> _What you will do_
Retype, exactly and with both ends included, the lines below from the one containing "Bisher filze ich" through the end; omit the pictures.

> _Data shown_

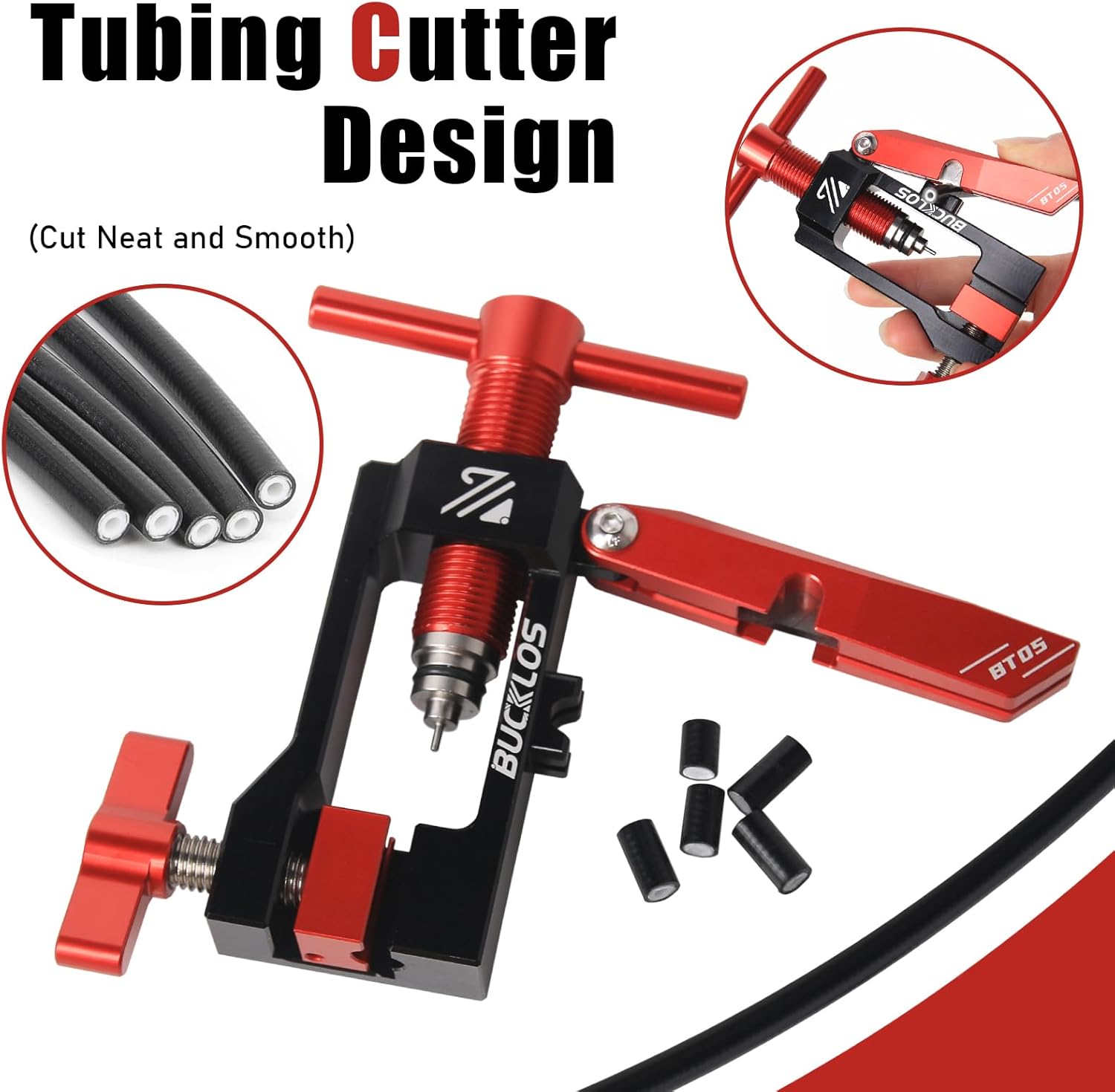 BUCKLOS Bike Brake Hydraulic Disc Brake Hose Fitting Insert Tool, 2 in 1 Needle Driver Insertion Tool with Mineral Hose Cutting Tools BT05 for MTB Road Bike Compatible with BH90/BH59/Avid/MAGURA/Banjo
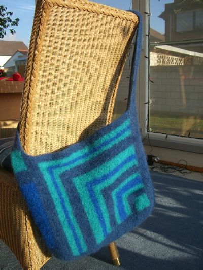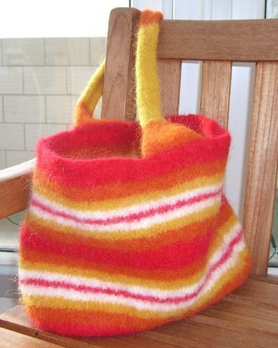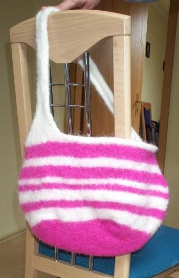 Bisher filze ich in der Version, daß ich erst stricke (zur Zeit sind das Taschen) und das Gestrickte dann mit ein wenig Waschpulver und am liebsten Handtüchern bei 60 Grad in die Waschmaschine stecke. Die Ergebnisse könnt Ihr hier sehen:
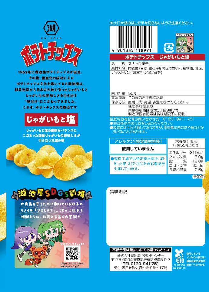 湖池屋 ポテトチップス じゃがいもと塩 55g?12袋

> _Output of the task_
 Bisher filze ich in der Version, daß ich erst stricke (zur Zeit sind das Taschen) und das Gestrickte dann mit ein wenig Waschpulver und am liebsten Handtüchern bei 60 Grad in die Waschmaschine stecke. Die Ergebnisse könnt Ihr hier sehen:
 湖池屋 ポテトチップス じゃがいもと塩 55g?12袋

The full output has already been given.